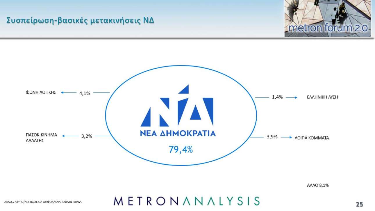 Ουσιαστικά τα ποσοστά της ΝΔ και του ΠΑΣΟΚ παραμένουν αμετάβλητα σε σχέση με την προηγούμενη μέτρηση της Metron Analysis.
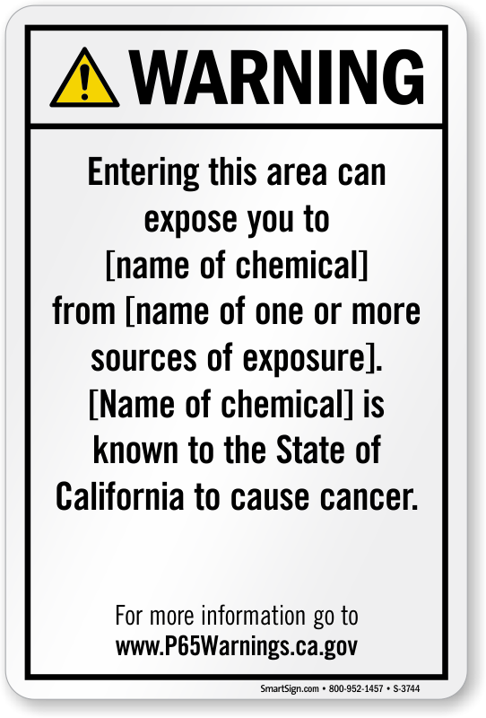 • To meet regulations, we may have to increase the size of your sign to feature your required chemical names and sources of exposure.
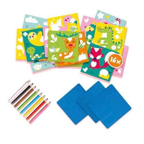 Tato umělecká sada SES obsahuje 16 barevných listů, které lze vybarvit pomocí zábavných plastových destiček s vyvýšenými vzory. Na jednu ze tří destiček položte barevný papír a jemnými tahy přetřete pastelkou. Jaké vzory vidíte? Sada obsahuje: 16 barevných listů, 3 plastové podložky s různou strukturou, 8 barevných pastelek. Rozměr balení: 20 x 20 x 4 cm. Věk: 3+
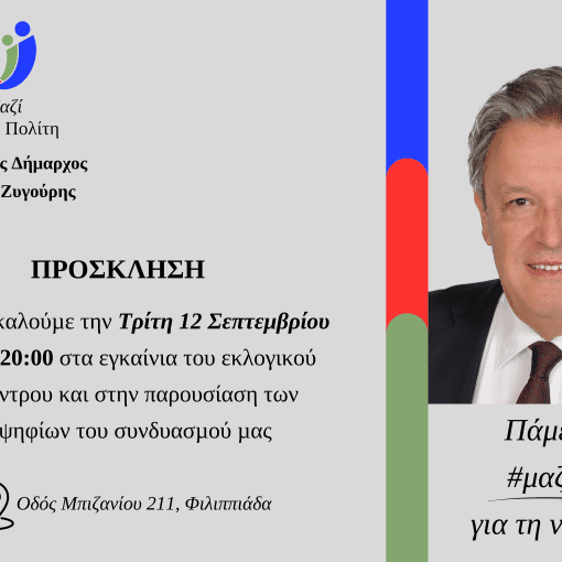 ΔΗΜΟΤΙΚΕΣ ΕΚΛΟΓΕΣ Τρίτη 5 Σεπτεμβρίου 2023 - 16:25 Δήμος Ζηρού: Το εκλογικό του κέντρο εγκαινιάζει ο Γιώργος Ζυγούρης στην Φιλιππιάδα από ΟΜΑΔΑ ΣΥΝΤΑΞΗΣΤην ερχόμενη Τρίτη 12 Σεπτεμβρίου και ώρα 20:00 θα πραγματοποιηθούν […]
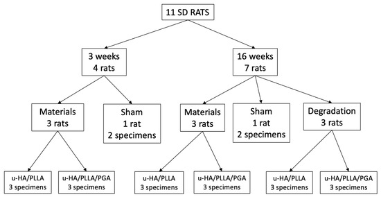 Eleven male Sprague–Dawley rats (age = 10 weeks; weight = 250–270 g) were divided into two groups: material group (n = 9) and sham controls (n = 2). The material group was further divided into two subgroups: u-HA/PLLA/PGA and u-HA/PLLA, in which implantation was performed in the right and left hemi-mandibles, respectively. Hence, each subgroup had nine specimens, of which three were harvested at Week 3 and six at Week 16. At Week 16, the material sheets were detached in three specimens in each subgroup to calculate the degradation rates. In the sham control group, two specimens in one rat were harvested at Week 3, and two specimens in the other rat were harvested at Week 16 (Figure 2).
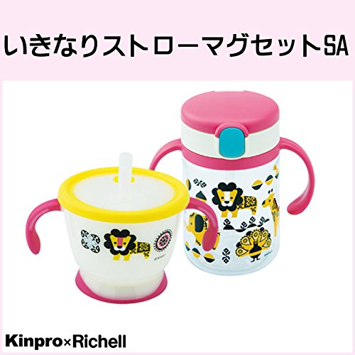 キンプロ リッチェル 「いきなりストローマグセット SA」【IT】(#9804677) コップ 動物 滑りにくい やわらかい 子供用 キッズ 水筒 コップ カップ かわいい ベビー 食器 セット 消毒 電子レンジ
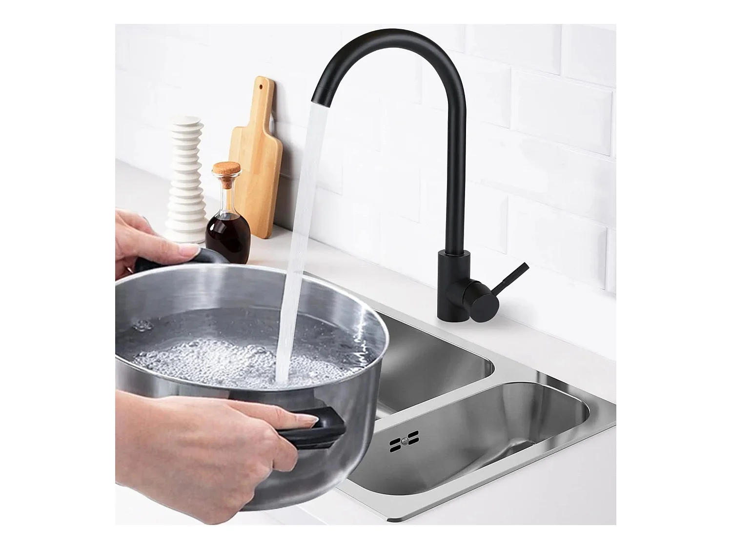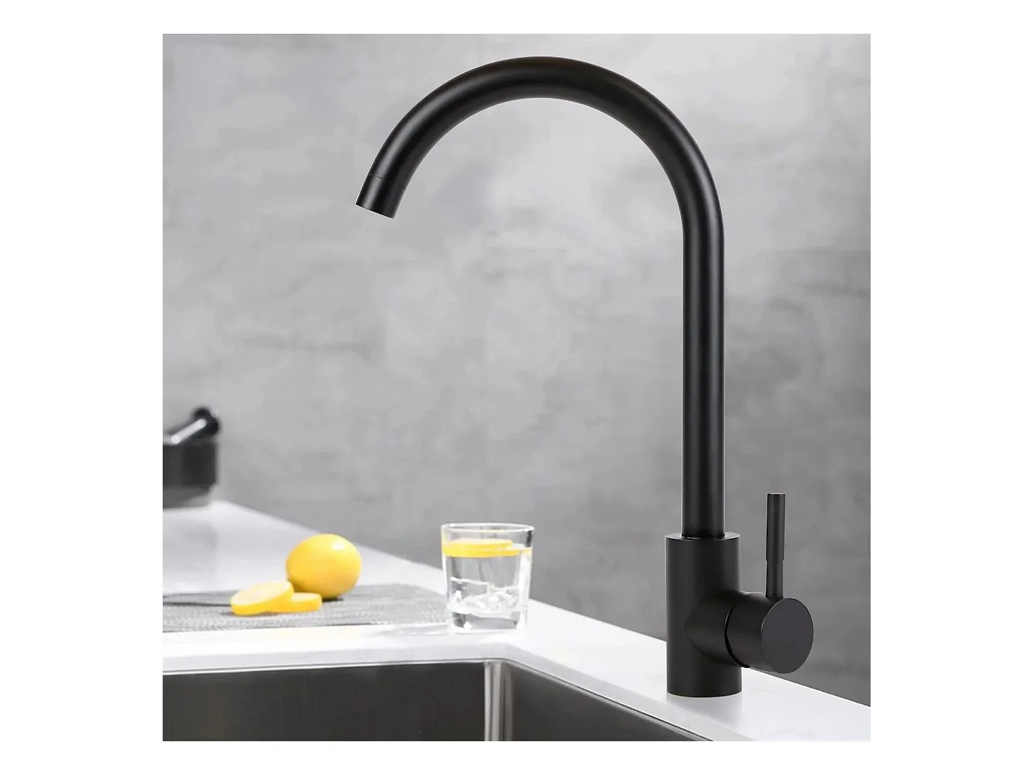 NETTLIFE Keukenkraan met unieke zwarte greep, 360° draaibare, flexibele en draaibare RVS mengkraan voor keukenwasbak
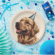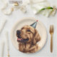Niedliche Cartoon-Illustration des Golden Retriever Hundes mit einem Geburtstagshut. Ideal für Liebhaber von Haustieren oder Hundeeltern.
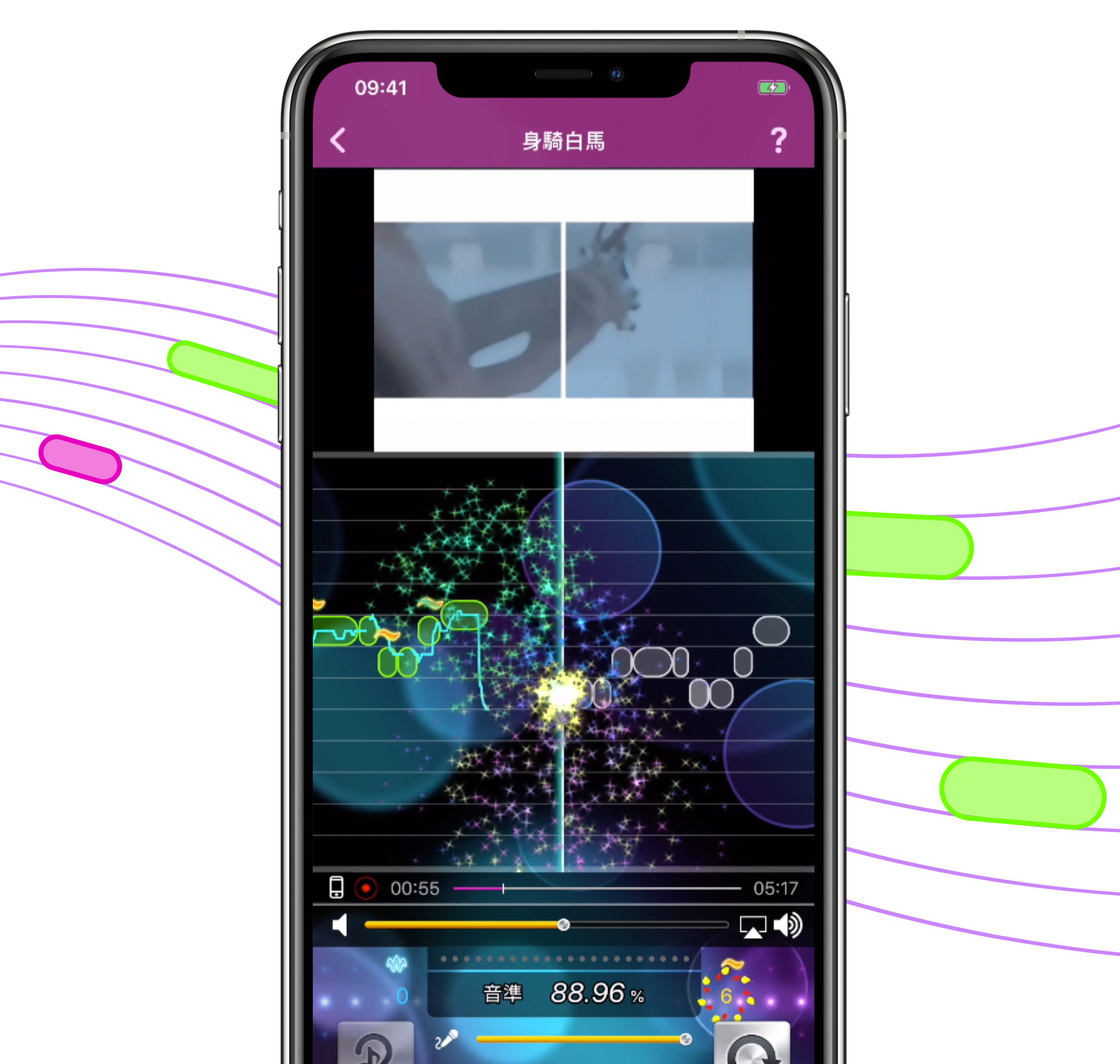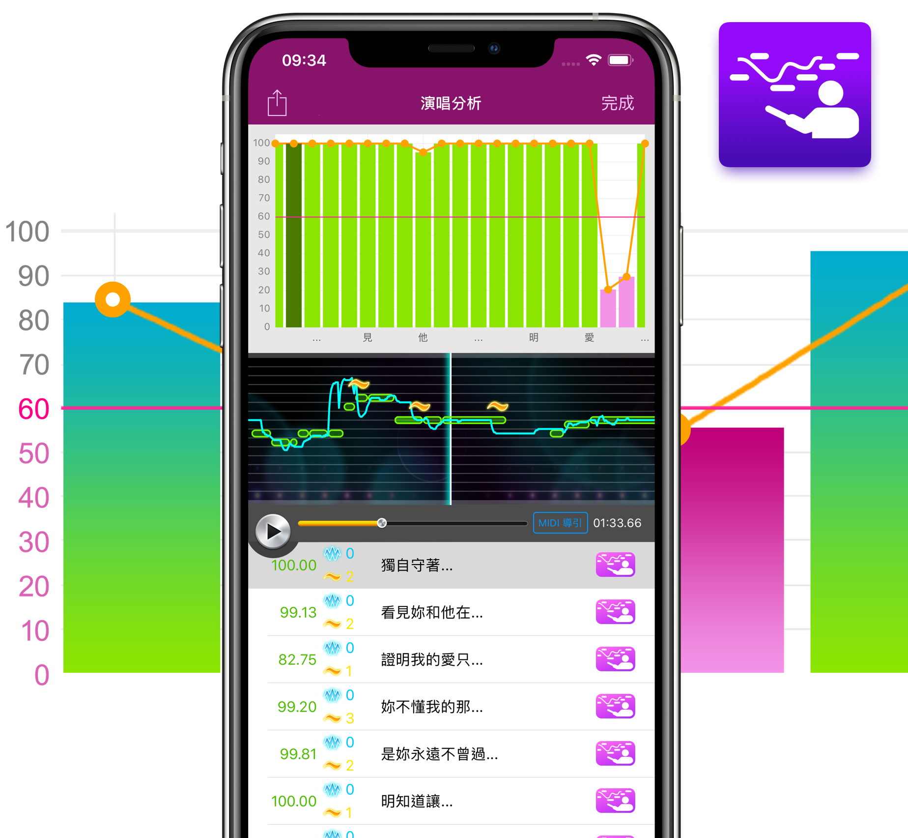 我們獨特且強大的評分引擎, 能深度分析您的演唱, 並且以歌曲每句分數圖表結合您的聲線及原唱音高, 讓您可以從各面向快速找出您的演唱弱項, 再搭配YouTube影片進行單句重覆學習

# About this task
Skip the pictures. Restate exactly the lines from the start of the entries through the line containing "ΔΗΜΟΤΙΚΕΣ ΕΚΛΟΓΕΣ Τρίτη", both ends included.

# Output of the task
 Ουσιαστικά τα ποσοστά της ΝΔ και του ΠΑΣΟΚ παραμένουν αμετάβλητα σε σχέση με την προηγούμενη μέτρηση της Metron Analysis.
 • To meet regulations, we may have to increase the size of your sign to feature your required chemical names and sources of exposure.
 Tato umělecká sada SES obsahuje 16 barevných listů, které lze vybarvit pomocí zábavných plastových destiček s vyvýšenými vzory. Na jednu ze tří destiček položte barevný papír a jemnými tahy přetřete pastelkou. Jaké vzory vidíte? Sada obsahuje: 16 barevných listů, 3 plastové podložky s různou strukturou, 8 barevných pastelek. Rozměr balení: 20 x 20 x 4 cm. Věk: 3+
 ΔΗΜΟΤΙΚΕΣ ΕΚΛΟΓΕΣ Τρίτη 5 Σεπτεμβρίου 2023 - 16:25 Δήμος Ζηρού: Το εκλογικό του κέντρο εγκαινιάζει ο Γιώργος Ζυγούρης στην Φιλιππιάδα από ΟΜΑΔΑ ΣΥΝΤΑΞΗΣΤην ερχόμενη Τρίτη 12 Σεπτεμβρίου και ώρα 20:00 θα πραγματοποιηθούν […]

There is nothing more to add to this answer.